* **AIM OF THE EXERCISE**:
Do not include the pictures; repeat the rest of the data exactly.

* **DATASET EXCERPT**:
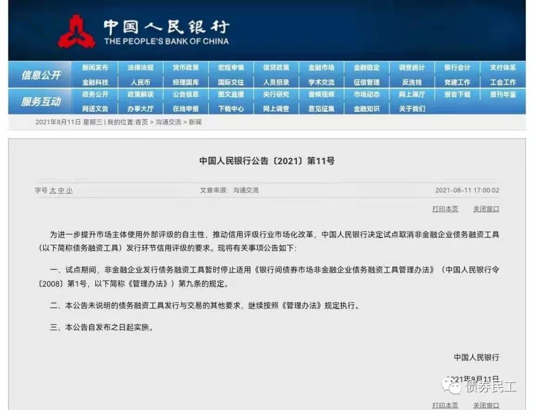 最近信用評級行業真的是監管規則不斷更新。2021年8月6日,中國人民銀行、國家發展改革委、財政部、銀保監會、證監會關于促進債券市場信用評級行業健康發展的通知。就在今天,人民銀行發文,試點取消非金融企業債務融資工具發行環節的信用評級要求。
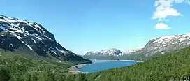 The ecoregion follows the Scandinavian Mountains, and spans 11 degrees of latitude from the south to the north. About two-thirds of the ecoregion is located in Norway, about one-third in Sweden and a small area touches the northwesternmost part of Finland. The WWF definition of the ecoregion spans an area 1,600 km long, with a total area of approximately 243 000 km2.[4] Despite being classified as a tundra ecoregion, the large area outlined by WWF has a huge range in climates and biomes, including many areas with both boreal and even temperate oceanic climate. Examples of temperate areas are the lowland along the fjords such as Hardangerfjord (including Ullensvang, Sognefjord (including Sogndal, Romsdalsfjord (including Molde and also some coastal areas along the mainland further north, such as Brønnøy.
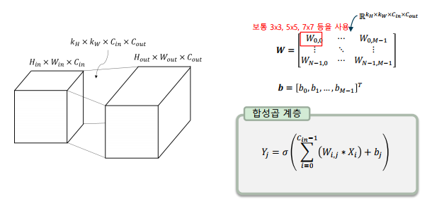 합성곱으로 이루어진 뉴런을 전결합 형태로 연결한 것으로 가중치의 형식을 필터(filter) 또는 커널(kernel)이라고 부름
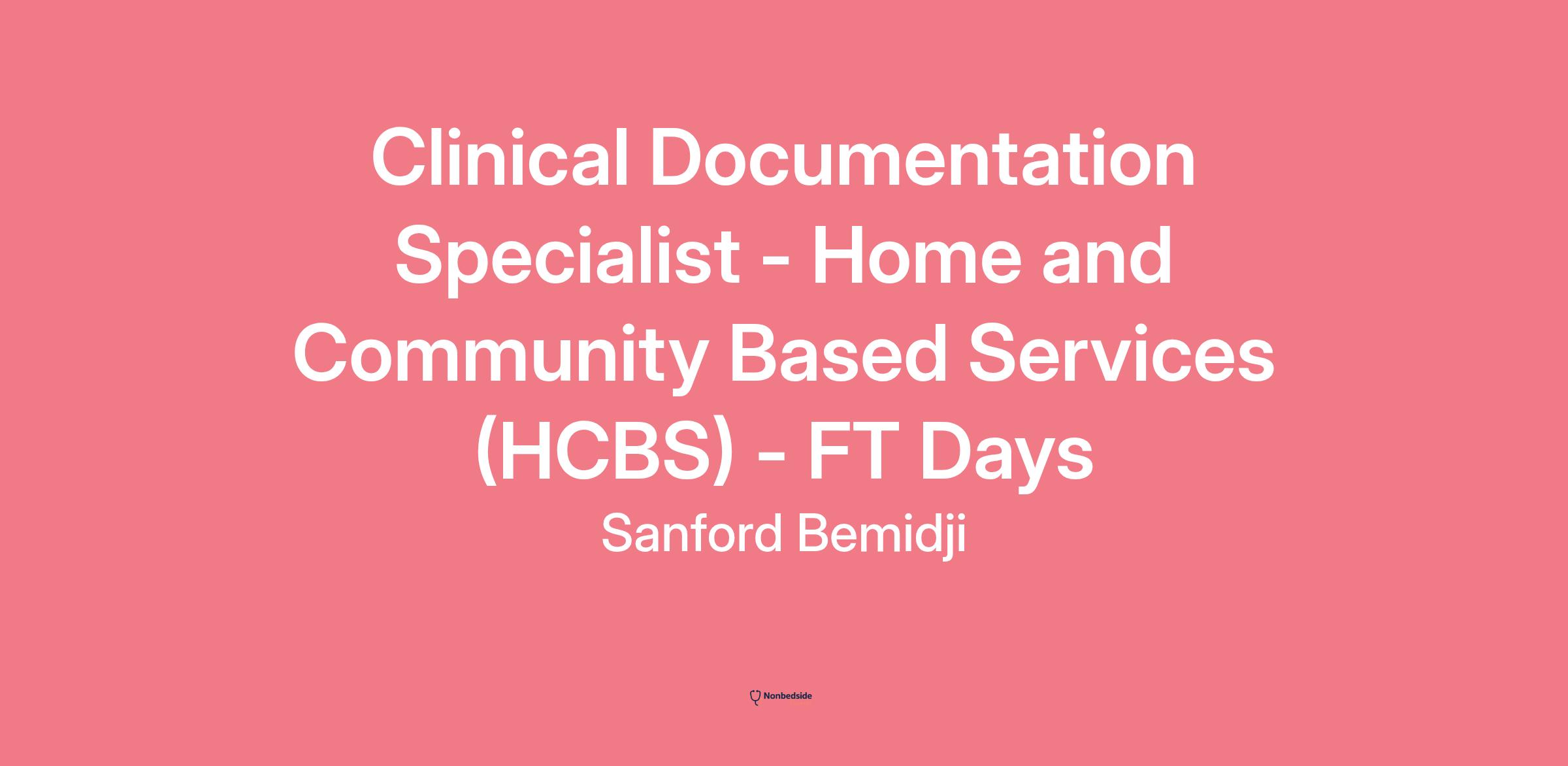 # Careers With PurposeClinical Documentation Specialist - Home and Community Based Services (HCBS) - FT Days page is loaded## Clinical Documentation Specialist - Home and Community Based Services (HCBS) - FT Dayslocations: SD, City - Remote SDtime type: Full timeposted on: Posted Todayjob requisition id: R-0238169**Sanford Health is one of the largest and fastest-growing not-for-profit health systems in the United States. We’re proud to offer many development and advancement opportunities to our nearly 50,000 members of the Sanford Family who are dedicated to the work of health and healing across our broad footprint.**Work Shift:8 Hours - Day Shifts (United States of America)Scheduled Weekly Hours:40Salary Range: $27.50 - $44**Union Position:**No**Department Details**Remote work, flexible work environment. No weekends.**Summary**The Clinical Documentation Specialist (CDS) communicates with providers, case managers, coders, and other healthcare team members to facilitate comprehensive medical record documentation to reflect clinical treatment, decisions, and diagnoses for patients.**Job Description**This CDS position codes and reviews home health documentation. It utilizes the organization's designated clinical documentation system to identify opportunities for physician and hospital outcomes, provides or coordinates education to all internal customers related to compliance, coding, and clinical documentation issues and acts as a consultant to coders when additional information or documentation is needed to assign the correct diagnosis related group (DRG). Responsible for the day-to-day evaluation of documentation by the medical staff and healthcare team, and gathers and analyzes information pertinent to documentation findings and outcomes. Contributes to a positive working environment and performs other duties as assigned or directed to enhance the overall efforts of the organization. Must possess advanced communication and interpersonal skills with all levels of internal and external customers. Demonstrate excellent written/verbal communication, critical thinking, creative problem solving, and conflict management skills. Proficient in organization and planning. Possess strong computer skills including the use of spreadsheets, presentation programs, word processing, and Internet searching. Also demonstrates working knowledge of quality improvement theory and practice. Maintains working knowledge of DRGs and understanding of medical necessity process. Knowledgeable of federal, state, and other payers' regulations, requirements, and criteria. Adheres to ethical and professional business practices, such as the Association of Clinical Documentation Improvement Specialists (ACDIS) code of ethics and official coding guidelines. Utilizes the appropriate professional documentation to support daily processes, including white papers published by ACDIS, American Health Information Management Association (AHIMA), and other professional organizations. May perform record reviews on clients in all age groups. Coordinates, facilitates, and negotiates with others. Controls variances and duplication. Must work closely with ancillary and support services. Ability to document clearly. Ability to solve problems. Ability to facilitate groups and implement projects when necessary. Functions within the scope and standards of nursing practice as outlined in the Nurse Practice Act and Administrative Rules in state of practice and licensure. The Professional Nursing Practice recognizes the Scope and Standards of Practice and the Code of Ethics for Nurses with Interpretive Statements as published by the American Nurses Association as the foundation of nursing care delivery and professional conduct. HCS-D coding certification experience required. Current OASIS certification required. Home Health experience is a must. EMR: Homecare Homebase and Epic experience preferred.**Qualifications**If working in any service line other than Home Based Services (HBS): Bachelor’s degree in nursing required. Graduate from a nationally accredited nursing program preferred, including, but not limited to, Commission on Collegiate Nursing Education (CCNE), Accreditation Commission for Education in Nursing (ACEN), and National League for Nursing Commission for Nursing Education Accreditation (NLN CNEA). If no degree, will consider seven years equivalent work experience. Additionally, three years of recent clinical nursing experience required. Experience in case management, utilization management, and/or coding preferred. If working in any service line other than Home Based Services (HBS): Currently holds an unencumbered RN license with the State Board of Nursing where the practice of nursing is occurring and/or possess multistate licensure if in a Nurse Licensure Compact (NLC) state. Obtains and subsequently maintains required department specific competencies and certifications. Certification in Clinical Documentation Specialist (CCDS) or Clinical Documentation Improvement and Integrity (C-CDI) preferred. Quality improvement/assurance personnel with nursing backgrounds can maintain their license without seeking additional hours based on role’s responsibilities.**Sanford is an EEO/AA Employer M/F/Disability/Vet.****If you are an individual with a disability and would like to request an accommodation for help with your online application, please call 1-877-673-0854 or send an email to talent@sanfordhealth.org.**

* **ANSWER BOX**:
 最近信用評級行業真的是監管規則不斷更新。2021年8月6日,中國人民銀行、國家發展改革委、財政部、銀保監會、證監會關于促進債券市場信用評級行業健康發展的通知。就在今天,人民銀行發文,試點取消非金融企業債務融資工具發行環節的信用評級要求。
 The ecoregion follows the Scandinavian Mountains, and spans 11 degrees of latitude from the south to the north. About two-thirds of the ecoregion is located in Norway, about one-third in Sweden and a small area touches the northwesternmost part of Finland. The WWF definition of the ecoregion spans an area 1,600 km long, with a total area of approximately 243 000 km2.[4] Despite being classified as a tundra ecoregion, the large area outlined by WWF has a huge range in climates and biomes, including many areas with both boreal and even temperate oceanic climate. Examples of temperate areas are the lowland along the fjords such as Hardangerfjord (including Ullensvang, Sognefjord (including Sogndal, Romsdalsfjord (including Molde and also some coastal areas along the mainland further north, such as Brønnøy.
 합성곱으로 이루어진 뉴런을 전결합 형태로 연결한 것으로 가중치의 형식을 필터(filter) 또는 커널(kernel)이라고 부름
 # Careers With PurposeClinical Documentation Specialist - Home and Community Based Services (HCBS) - FT Days page is loaded## Clinical Documentation Specialist - Home and Community Based Services (HCBS) - FT Dayslocations: SD, City - Remote SDtime type: Full timeposted on: Posted Todayjob requisition id: R-0238169**Sanford Health is one of the largest and fastest-growing not-for-profit health systems in the United States. We’re proud to offer many development and advancement opportunities to our nearly 50,000 members of the Sanford Family who are dedicated to the work of health and healing across our broad footprint.**Work Shift:8 Hours - Day Shifts (United States of America)Scheduled Weekly Hours:40Salary Range: $27.50 - $44**Union Position:**No**Department Details**Remote work, flexible work environment. No weekends.**Summary**The Clinical Documentation Specialist (CDS) communicates with providers, case managers, coders, and other healthcare team members to facilitate comprehensive medical record documentation to reflect clinical treatment, decisions, and diagnoses for patients.**Job Description**This CDS position codes and reviews home health documentation. It utilizes the organization's designated clinical documentation system to identify opportunities for physician and hospital outcomes, provides or coordinates education to all internal customers related to compliance, coding, and clinical documentation issues and acts as a consultant to coders when additional information or documentation is needed to assign the correct diagnosis related group (DRG). Responsible for the day-to-day evaluation of documentation by the medical staff and healthcare team, and gathers and analyzes information pertinent to documentation findings and outcomes. Contributes to a positive working environment and performs other duties as assigned or directed to enhance the overall efforts of the organization. Must possess advanced communication and interpersonal skills with all levels of internal and external customers. Demonstrate excellent written/verbal communication, critical thinking, creative problem solving, and conflict management skills. Proficient in organization and planning. Possess strong computer skills including the use of spreadsheets, presentation programs, word processing, and Internet searching. Also demonstrates working knowledge of quality improvement theory and practice. Maintains working knowledge of DRGs and understanding of medical necessity process. Knowledgeable of federal, state, and other payers' regulations, requirements, and criteria. Adheres to ethical and professional business practices, such as the Association of Clinical Documentation Improvement Specialists (ACDIS) code of ethics and official coding guidelines. Utilizes the appropriate professional documentation to support daily processes, including white papers published by ACDIS, American Health Information Management Association (AHIMA), and other professional organizations. May perform record reviews on clients in all age groups. Coordinates, facilitates, and negotiates with others. Controls variances and duplication. Must work closely with ancillary and support services. Ability to document clearly. Ability to solve problems. Ability to facilitate groups and implement projects when necessary. Functions within the scope and standards of nursing practice as outlined in the Nurse Practice Act and Administrative Rules in state of practice and licensure. The Professional Nursing Practice recognizes the Scope and Standards of Practice and the Code of Ethics for Nurses with Interpretive Statements as published by the American Nurses Association as the foundation of nursing care delivery and professional conduct. HCS-D coding certification experience required. Current OASIS certification required. Home Health experience is a must. EMR: Homecare Homebase and Epic experience preferred.**Qualifications**If working in any service line other than Home Based Services (HBS): Bachelor’s degree in nursing required. Graduate from a nationally accredited nursing program preferred, including, but not limited to, Commission on Collegiate Nursing Education (CCNE), Accreditation Commission for Education in Nursing (ACEN), and National League for Nursing Commission for Nursing Education Accreditation (NLN CNEA). If no degree, will consider seven years equivalent work experience. Additionally, three years of recent clinical nursing experience required. Experience in case management, utilization management, and/or coding preferred. If working in any service line other than Home Based Services (HBS): Currently holds an unencumbered RN license with the State Board of Nursing where the practice of nursing is occurring and/or possess multistate licensure if in a Nurse Licensure Compact (NLC) state. Obtains and subsequently maintains required department specific competencies and certifications. Certification in Clinical Documentation Specialist (CCDS) or Clinical Documentation Improvement and Integrity (C-CDI) preferred. Quality improvement/assurance personnel with nursing backgrounds can maintain their license without seeking additional hours based on role’s responsibilities.**Sanford is an EEO/AA Employer M/F/Disability/Vet.****If you are an individual with a disability and would like to request an accommodation for help with your online application, please call 1-877-673-0854 or send an email to talent@sanfordhealth.org.**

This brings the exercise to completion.